Tempo HA
Tempo supports distributed deployment for high availability. With S3 as the backend, multiple Tempo ingesters can accept spans simultaneously — if one ingester fails, others continue without data loss. The S3 backend provides the durability; ingester replicas provide the write availability.
Tempo Distributed Components
| Component | Role | Replicas for HA |
|---|---|---|
| Distributor | Receives OTLP traces; routes to ingesters via consistent hash ring | 2+ |
| Ingester | Buffers spans in WAL; flushes blocks to S3 | 3 (replication factor 3) |
| Querier | Executes TraceQL queries against S3 and ingester cache | 2+ |
| Query Frontend | Caches and shards queries | 2 |
| Compactor | Merges blocks; enforces retention | 1 (singleton) |
Tempo HA Helm Configuration
# tempo-distributed-values.yaml
tempo-distributed:
ingester:
replicas: 3
config:
replication_factor: 3 # Write to 3 ingesters simultaneously
persistence:
enabled: true
size: 10Gi
distributor:
replicas: 2
querier:
replicas: 2
compactor:
replicas: 1
storage:
trace:
backend: s3
s3:
bucket: bizfirst-tempo-traces
endpoint: s3.amazonaws.com
region: us-east-1
access_key: ${AWS_ACCESS_KEY}
secret_key: ${AWS_SECRET_KEY}
# Install:
helm install tempo grafana/tempo-distributed \
--namespace observe \
--values tempo-distributed-values.yaml
Is Tempo HA Worth the Complexity?
Tempo HA adds significant operational complexity.

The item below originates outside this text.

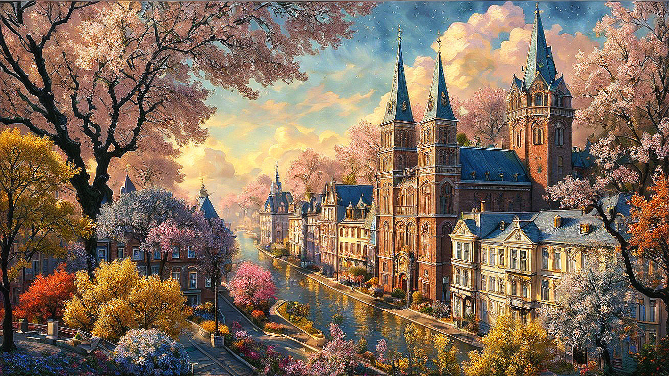 A picturesque street lined with blooming cherry trees and charming buildings under a warm, sunset sky.

Consider the trade-offs before upgrading:
| Factor | Single-Node Tempo | Tempo HA |
|---|---|---|
| Write HA | No — single point of failure | Yes — 3 replicas, replication factor 3 |
| Data durability | S3 backend: 11-nines durability | Same — S3 backend |
| Trace loss on ingester failure | WAL data in memory is lost | Other ingesters have the data (replication factor) |
| Operational complexity | Low — single process | High — 5 component types, ring coordination |
| Resource cost | ~4 CPU, ~8 GB RAM | ~16 CPU, ~32 GB RAM |
For most BizFirstGO deployments, losing a few minutes of traces during a Tempo restart is acceptable — traces are a debugging aid, not a system of record. The WAL ensures that buffered traces are persisted locally before an orderly shutdown. Consider Tempo HA only if you have a hard requirement for zero trace loss and cannot tolerate brief ingestion gaps during Kubernetes rolling updates.